- **WORK TO BE COMPLETED**: Could you give back exactly the lines below from the one with "not a concern." through the one with "Ultimi duemila metri", without a single picture?

- **ENTRIES PROVIDED**:
+++
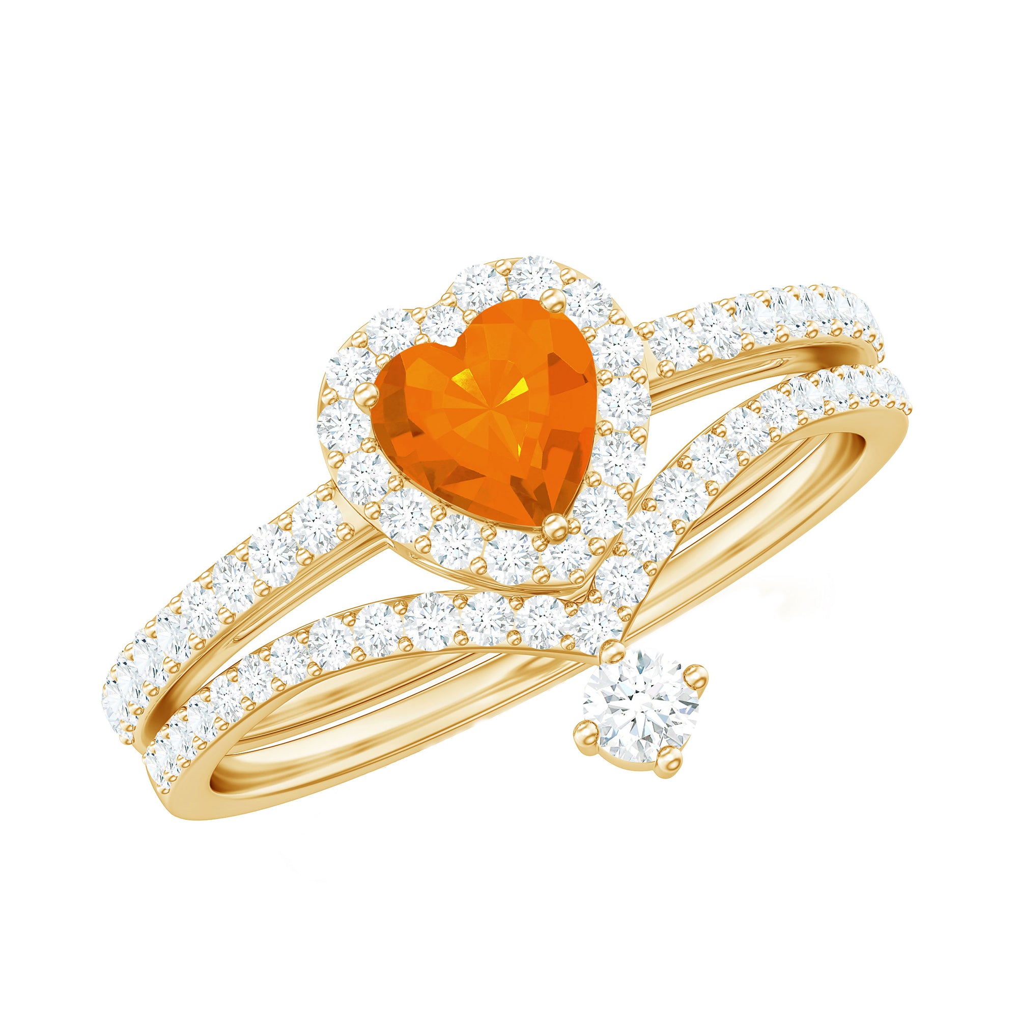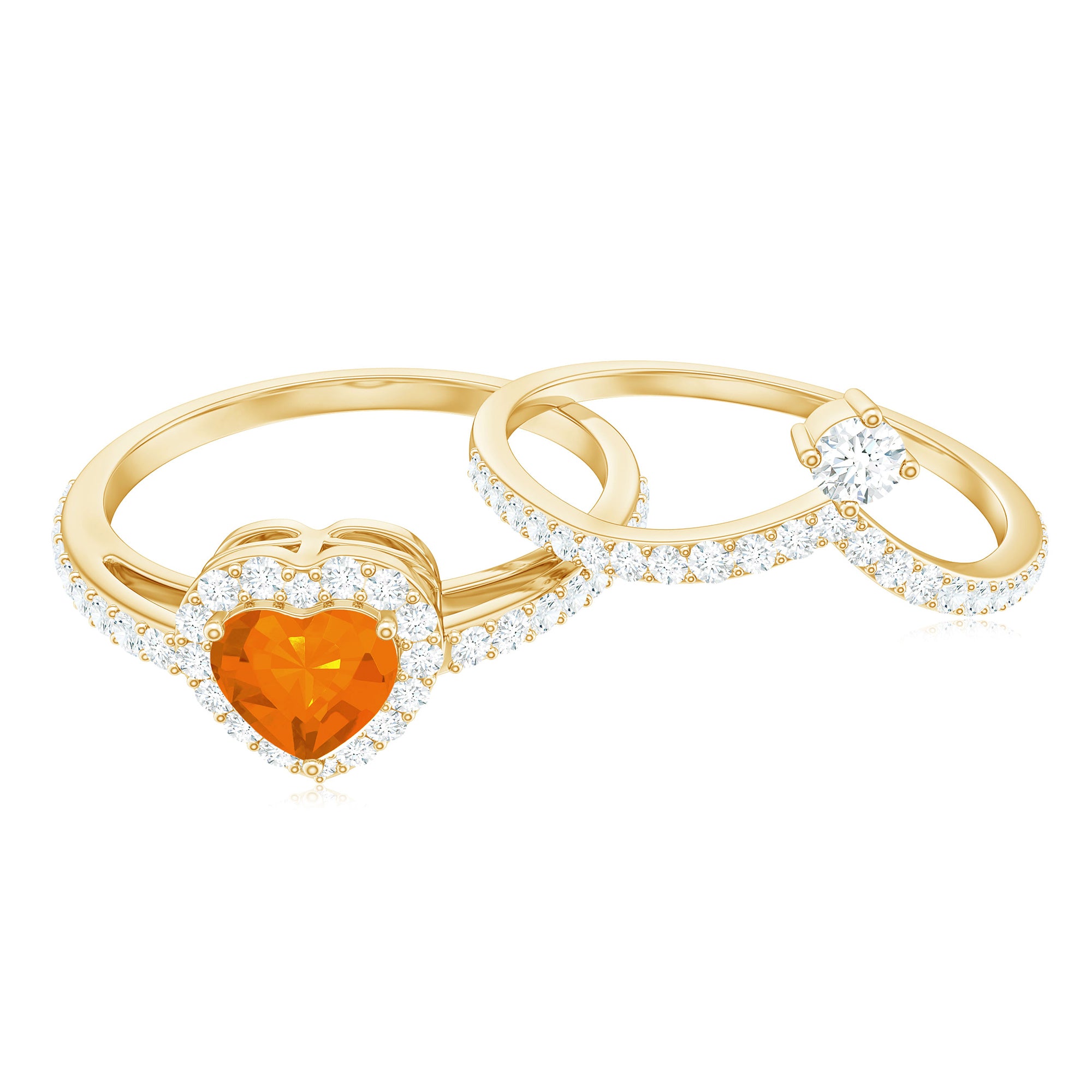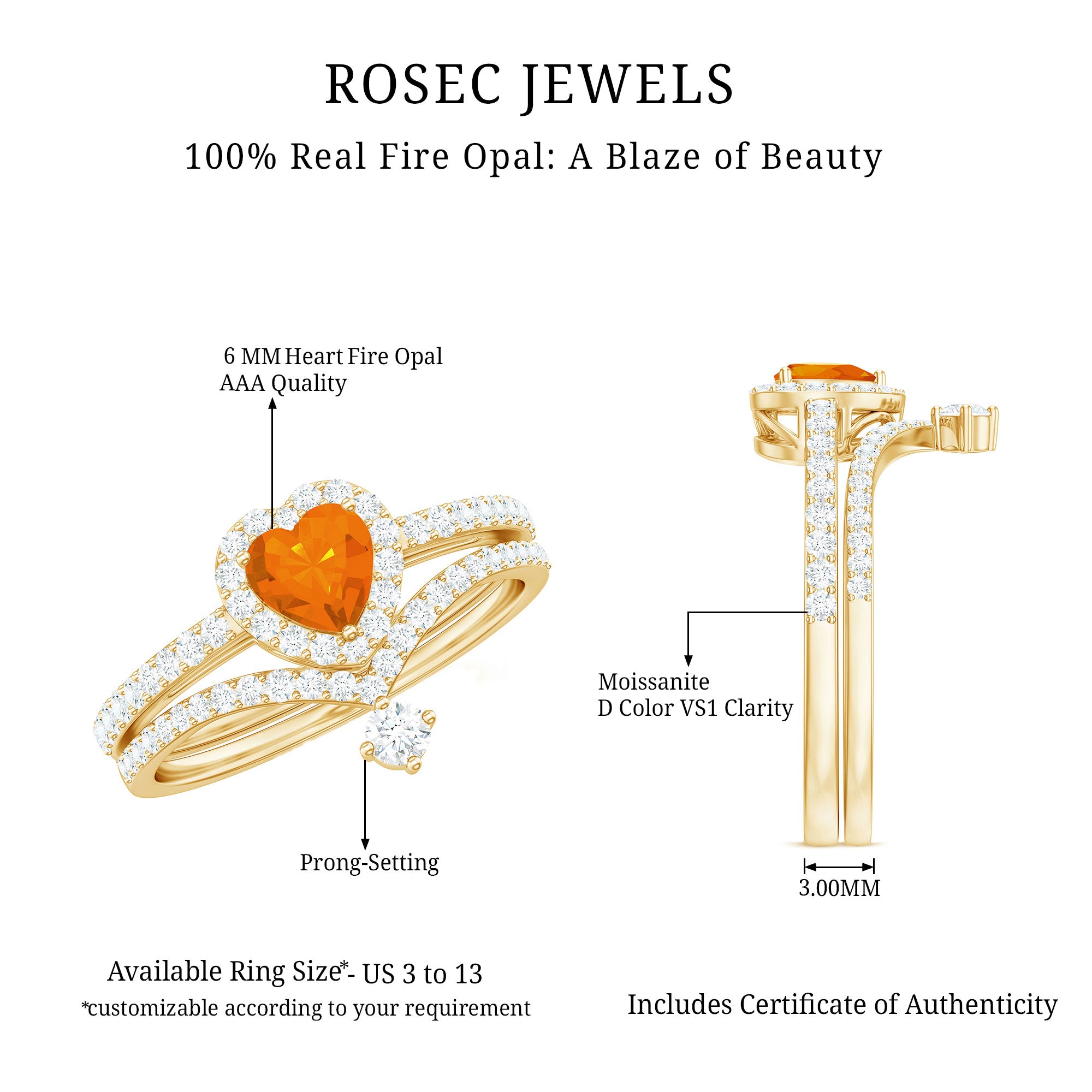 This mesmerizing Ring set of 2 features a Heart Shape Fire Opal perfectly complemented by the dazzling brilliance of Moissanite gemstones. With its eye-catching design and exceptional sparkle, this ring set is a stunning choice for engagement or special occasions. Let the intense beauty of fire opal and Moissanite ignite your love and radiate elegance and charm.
+++
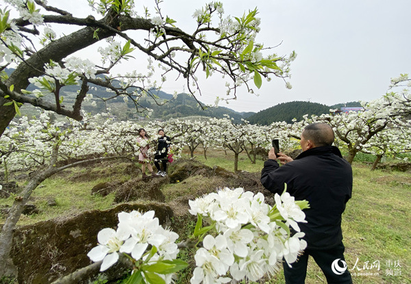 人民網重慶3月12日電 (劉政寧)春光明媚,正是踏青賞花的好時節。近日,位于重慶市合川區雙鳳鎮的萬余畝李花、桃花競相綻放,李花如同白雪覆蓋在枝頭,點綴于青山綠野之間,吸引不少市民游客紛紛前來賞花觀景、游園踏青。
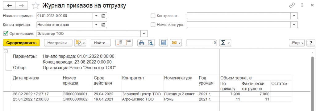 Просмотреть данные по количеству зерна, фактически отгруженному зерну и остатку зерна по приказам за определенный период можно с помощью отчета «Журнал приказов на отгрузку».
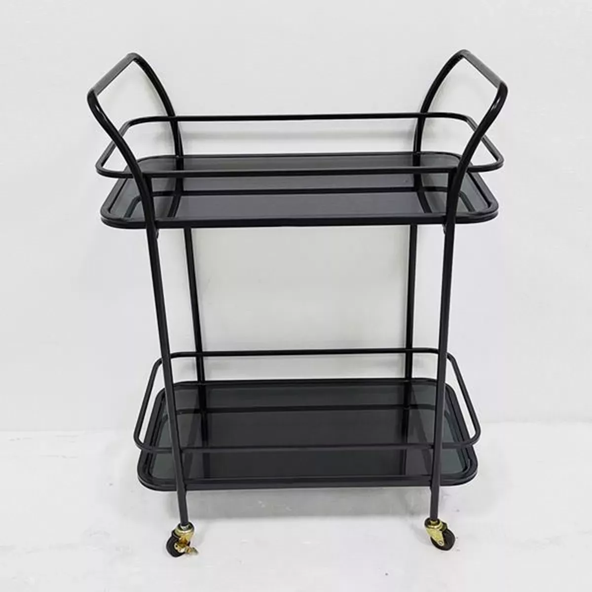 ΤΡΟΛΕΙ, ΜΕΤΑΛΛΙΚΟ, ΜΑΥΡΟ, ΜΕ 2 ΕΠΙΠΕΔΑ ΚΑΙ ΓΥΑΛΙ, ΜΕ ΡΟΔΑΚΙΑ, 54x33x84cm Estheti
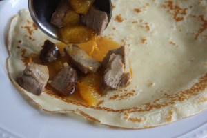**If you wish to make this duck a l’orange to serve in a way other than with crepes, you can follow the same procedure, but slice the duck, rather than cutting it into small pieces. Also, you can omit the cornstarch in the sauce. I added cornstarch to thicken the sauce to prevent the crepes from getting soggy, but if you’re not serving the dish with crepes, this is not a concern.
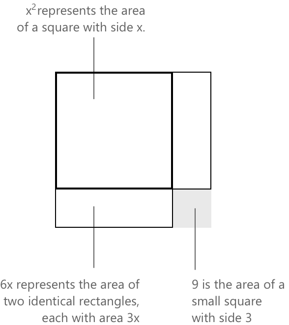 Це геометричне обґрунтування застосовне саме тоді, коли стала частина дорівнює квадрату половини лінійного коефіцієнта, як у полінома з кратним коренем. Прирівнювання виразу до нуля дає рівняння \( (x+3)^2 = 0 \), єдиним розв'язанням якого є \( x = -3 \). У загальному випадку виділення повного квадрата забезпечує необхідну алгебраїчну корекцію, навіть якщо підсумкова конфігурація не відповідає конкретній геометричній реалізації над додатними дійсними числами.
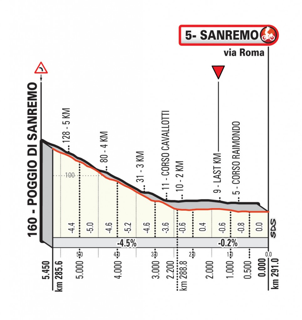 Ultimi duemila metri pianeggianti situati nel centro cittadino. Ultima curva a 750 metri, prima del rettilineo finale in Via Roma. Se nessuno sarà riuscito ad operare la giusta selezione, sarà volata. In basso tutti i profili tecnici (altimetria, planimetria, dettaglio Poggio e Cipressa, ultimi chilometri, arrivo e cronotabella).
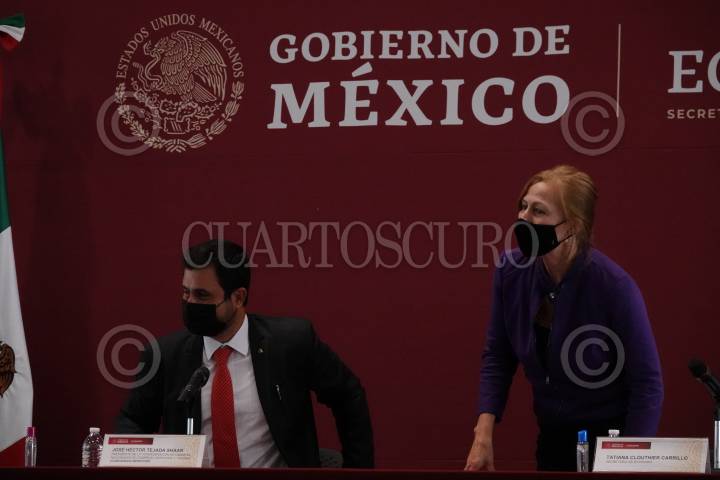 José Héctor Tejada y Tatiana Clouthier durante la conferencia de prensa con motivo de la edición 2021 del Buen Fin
+++
- **SOLUTION FOR THIS EXERCISE**:
**If you wish to make this duck a l’orange to serve in a way other than with crepes, you can follow the same procedure, but slice the duck, rather than cutting it into small pieces. Also, you can omit the cornstarch in the sauce. I added cornstarch to thicken the sauce to prevent the crepes from getting soggy, but if you’re not serving the dish with crepes, this is not a concern.
 Це геометричне обґрунтування застосовне саме тоді, коли стала частина дорівнює квадрату половини лінійного коефіцієнта, як у полінома з кратним коренем. Прирівнювання виразу до нуля дає рівняння \( (x+3)^2 = 0 \), єдиним розв'язанням якого є \( x = -3 \). У загальному випадку виділення повного квадрата забезпечує необхідну алгебраїчну корекцію, навіть якщо підсумкова конфігурація не відповідає конкретній геометричній реалізації над додатними дійсними числами.
 Ultimi duemila metri pianeggianti situati nel centro cittadino. Ultima curva a 750 metri, prima del rettilineo finale in Via Roma. Se nessuno sarà riuscito ad operare la giusta selezione, sarà volata. In basso tutti i profili tecnici (altimetria, planimetria, dettaglio Poggio e Cipressa, ultimi chilometri, arrivo e cronotabella).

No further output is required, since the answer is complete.